Additionally, the topology (shape) of the ocean bottoms and the continents themselves create barriers that redirect flow as local conditions dictate.

The combined effect of the Coriolis force and continental boundaries set the oceans into circular flow patterns between the continents. In the northern hemisphere the flow is clockwise, while in the southern hemisphere it is counterclockwise.

In each of the three large oceanic basins — Pacific, Atlantic and Indian — these circular patterns are called gyre. Examining flows across the entire globe however shows there to be significant flow between the gyre in each ocean basin. The result can be thought of as a system of interlocking global conveyor belts.

The importance of this system to life on Earth is evident when one realizes it is responsible for redistributing not just heat but nutrients and carbon dioxide from one climatic zone to another.

The average depth of the oceans is 3.7 kilometers (2.3 miles). Yet the top few meters of the oceans store as much heat energy as the entire atmosphere. With such reserves of heat energy, disruptions of oceanic currents can dramatically affect climatic patterns.
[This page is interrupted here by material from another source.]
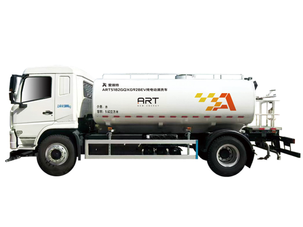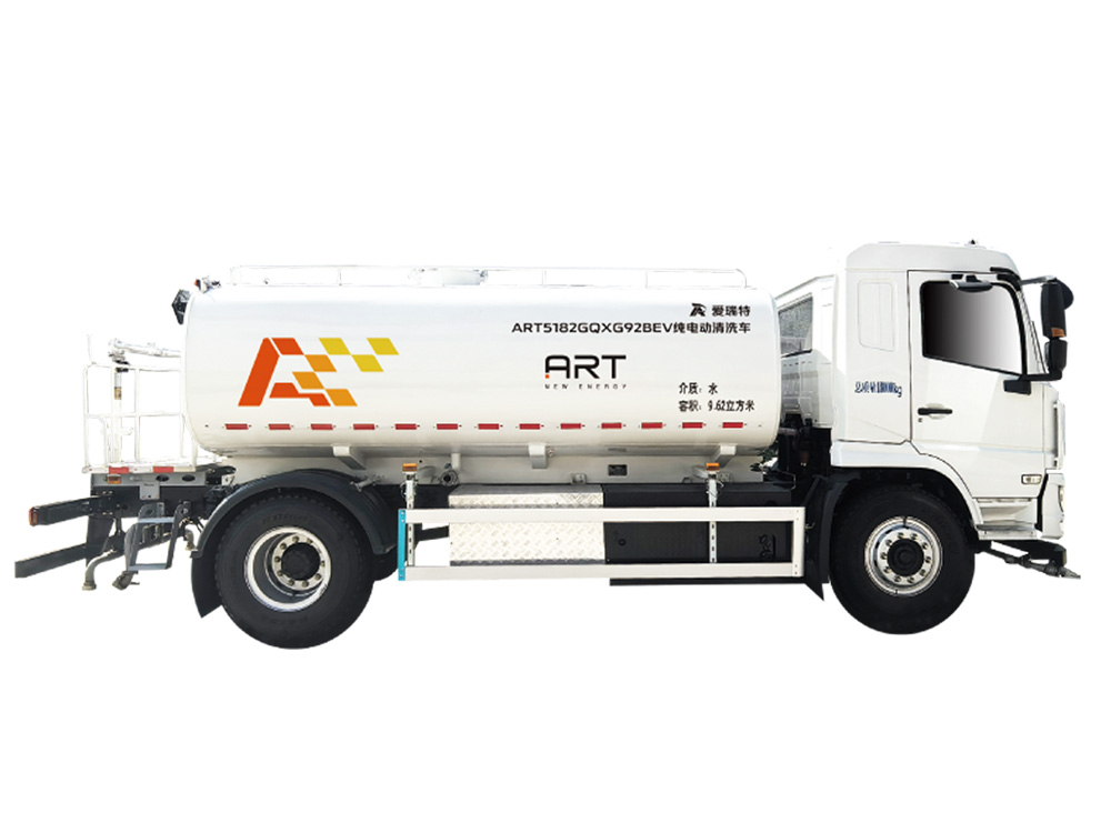 ART5182GQXG92BEV純電動清洗車是一種具有獨立的高、低壓兩套水路系統,采用直流電機驅動高壓水泵及工作裝置、取力器驅動低壓水泵,高壓清洗和低壓噴灑作業純電動清洗車。

Even with the relatively small size of the Gulf Stream, the temperate climate Europeans enjoy depends on the warmth it brings. The lives of many billions of people are intimately dependent upon historical, seasonal rainfalls or river flows from melting snow in nearby mountains. Across the planet the distribution of rain and snow are strongly dependent on climatic changes driven, in part, by ocean currents.

Of great importance to all living things is the recharging of ocean waters with nutrients as they pass through ocean depths. Oceanic algae and seaweed are at the base of the global food chain. Their vitality is dependent upon these cool, nutrient rich waters.

Finally, warm surface waters arriving at the poles are depleted of nutrients and carbon dioxide. Carbon dioxide dissolves in cold water more readily than warm. Upon being chilled, the frigid ocean water takes on carbon dioxide before it sinks and begins recirculating.

The oceans have about 18 times the amount of carbon dioxide as the atmosphere. Scientists are attempting to understand how disruption of ocean currents might affect the amount of CO2 absorbed in the oceans.

This is likely to impact the carbon cycle, which is an important element in maintaining stable global temperatures. Such a shift could push global warming toward ever more catastrophic consequences for humanity.